- [What to work on] Gather all lines in the data that hold the string "Keep".

- [Exercise input]
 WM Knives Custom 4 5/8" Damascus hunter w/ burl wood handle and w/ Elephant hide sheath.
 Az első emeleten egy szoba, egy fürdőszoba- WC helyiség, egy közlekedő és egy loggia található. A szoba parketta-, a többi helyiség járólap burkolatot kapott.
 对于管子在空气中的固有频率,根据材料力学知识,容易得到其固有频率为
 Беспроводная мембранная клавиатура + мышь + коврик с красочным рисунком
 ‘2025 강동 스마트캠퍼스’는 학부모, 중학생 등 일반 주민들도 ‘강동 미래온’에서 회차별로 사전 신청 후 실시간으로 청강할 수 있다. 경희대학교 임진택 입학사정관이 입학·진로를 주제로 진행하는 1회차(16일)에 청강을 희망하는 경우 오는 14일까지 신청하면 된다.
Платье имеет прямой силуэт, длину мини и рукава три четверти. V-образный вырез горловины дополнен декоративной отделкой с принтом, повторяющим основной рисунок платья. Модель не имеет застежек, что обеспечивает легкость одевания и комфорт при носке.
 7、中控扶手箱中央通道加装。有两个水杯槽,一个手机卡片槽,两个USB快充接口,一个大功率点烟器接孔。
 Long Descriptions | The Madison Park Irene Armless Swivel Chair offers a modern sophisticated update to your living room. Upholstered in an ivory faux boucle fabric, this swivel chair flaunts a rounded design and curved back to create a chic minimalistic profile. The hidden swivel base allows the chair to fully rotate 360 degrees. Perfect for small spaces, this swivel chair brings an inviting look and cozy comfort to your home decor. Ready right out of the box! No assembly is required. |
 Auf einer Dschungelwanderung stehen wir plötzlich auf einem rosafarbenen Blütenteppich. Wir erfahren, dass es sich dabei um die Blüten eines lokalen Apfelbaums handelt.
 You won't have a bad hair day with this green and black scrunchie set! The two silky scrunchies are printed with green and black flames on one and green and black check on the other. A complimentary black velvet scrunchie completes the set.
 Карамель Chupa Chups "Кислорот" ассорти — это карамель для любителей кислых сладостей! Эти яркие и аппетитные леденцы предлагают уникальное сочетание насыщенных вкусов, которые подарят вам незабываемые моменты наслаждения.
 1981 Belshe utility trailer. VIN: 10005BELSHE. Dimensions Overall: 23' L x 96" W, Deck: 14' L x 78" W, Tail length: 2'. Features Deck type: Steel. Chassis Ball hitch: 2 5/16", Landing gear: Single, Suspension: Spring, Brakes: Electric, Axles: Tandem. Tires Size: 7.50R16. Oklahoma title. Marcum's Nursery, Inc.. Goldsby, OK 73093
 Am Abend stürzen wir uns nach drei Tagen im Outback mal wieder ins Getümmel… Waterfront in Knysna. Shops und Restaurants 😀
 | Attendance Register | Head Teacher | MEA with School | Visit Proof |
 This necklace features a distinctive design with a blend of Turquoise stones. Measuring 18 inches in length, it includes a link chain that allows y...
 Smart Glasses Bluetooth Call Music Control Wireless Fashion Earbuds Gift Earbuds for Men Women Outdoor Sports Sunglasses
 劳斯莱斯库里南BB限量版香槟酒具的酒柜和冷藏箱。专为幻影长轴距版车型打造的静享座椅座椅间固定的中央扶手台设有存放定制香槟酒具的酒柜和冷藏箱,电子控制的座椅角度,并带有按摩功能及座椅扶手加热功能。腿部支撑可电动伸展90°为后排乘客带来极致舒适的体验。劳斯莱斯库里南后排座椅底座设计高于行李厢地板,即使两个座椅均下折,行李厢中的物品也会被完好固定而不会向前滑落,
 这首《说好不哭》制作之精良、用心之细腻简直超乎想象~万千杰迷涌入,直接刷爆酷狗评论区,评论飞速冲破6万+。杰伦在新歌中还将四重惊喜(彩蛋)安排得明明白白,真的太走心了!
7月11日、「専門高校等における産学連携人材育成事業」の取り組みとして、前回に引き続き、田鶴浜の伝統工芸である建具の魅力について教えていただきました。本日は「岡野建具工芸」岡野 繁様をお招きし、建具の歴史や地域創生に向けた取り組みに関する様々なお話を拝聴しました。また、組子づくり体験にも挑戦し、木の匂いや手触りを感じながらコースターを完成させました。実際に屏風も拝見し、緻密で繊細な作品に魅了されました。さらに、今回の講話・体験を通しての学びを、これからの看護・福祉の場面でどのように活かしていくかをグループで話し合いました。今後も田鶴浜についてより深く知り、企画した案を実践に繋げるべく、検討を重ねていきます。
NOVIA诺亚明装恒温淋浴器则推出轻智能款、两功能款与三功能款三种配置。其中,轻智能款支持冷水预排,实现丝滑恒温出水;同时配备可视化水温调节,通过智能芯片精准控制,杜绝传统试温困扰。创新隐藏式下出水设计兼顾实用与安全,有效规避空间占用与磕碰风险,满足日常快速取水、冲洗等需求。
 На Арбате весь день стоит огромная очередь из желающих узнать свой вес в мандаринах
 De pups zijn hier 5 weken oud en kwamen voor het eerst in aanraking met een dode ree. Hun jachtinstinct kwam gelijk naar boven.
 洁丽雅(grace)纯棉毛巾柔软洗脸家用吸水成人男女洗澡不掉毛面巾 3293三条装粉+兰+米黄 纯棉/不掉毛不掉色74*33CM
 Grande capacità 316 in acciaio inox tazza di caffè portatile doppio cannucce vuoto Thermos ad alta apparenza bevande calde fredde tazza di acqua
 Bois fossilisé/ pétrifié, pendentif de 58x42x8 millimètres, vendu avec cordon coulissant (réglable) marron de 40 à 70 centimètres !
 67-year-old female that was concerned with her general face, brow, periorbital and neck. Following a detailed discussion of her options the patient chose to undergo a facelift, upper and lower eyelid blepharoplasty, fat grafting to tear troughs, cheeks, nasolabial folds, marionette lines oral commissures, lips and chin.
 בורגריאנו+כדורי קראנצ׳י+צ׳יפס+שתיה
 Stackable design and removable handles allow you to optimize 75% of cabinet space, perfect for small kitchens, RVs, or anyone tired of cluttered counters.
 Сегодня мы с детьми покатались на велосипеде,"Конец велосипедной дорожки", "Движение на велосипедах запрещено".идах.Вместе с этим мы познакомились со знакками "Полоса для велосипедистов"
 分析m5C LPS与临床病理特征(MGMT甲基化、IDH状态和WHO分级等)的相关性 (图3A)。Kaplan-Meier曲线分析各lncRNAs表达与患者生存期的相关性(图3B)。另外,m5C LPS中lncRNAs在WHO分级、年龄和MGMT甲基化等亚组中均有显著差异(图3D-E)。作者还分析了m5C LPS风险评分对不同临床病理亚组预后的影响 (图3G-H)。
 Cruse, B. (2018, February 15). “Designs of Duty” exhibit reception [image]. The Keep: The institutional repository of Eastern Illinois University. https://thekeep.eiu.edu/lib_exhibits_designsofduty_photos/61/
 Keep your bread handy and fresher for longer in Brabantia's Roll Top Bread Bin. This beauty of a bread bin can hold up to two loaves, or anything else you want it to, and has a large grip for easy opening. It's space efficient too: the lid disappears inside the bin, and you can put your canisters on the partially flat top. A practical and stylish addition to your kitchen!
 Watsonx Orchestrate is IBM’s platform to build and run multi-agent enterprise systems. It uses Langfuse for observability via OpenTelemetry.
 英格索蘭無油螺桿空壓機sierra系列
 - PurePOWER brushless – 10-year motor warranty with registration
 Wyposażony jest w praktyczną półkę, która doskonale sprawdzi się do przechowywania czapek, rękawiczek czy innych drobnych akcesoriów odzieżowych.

- [Your response]
 Cruse, B. (2018, February 15). “Designs of Duty” exhibit reception [image]. The Keep: The institutional repository of Eastern Illinois University. https://thekeep.eiu.edu/lib_exhibits_designsofduty_photos/61/
 Keep your bread handy and fresher for longer in Brabantia's Roll Top Bread Bin. This beauty of a bread bin can hold up to two loaves, or anything else you want it to, and has a large grip for easy opening. It's space efficient too: the lid disappears inside the bin, and you can put your canisters on the partially flat top. A practical and stylish addition to your kitchen!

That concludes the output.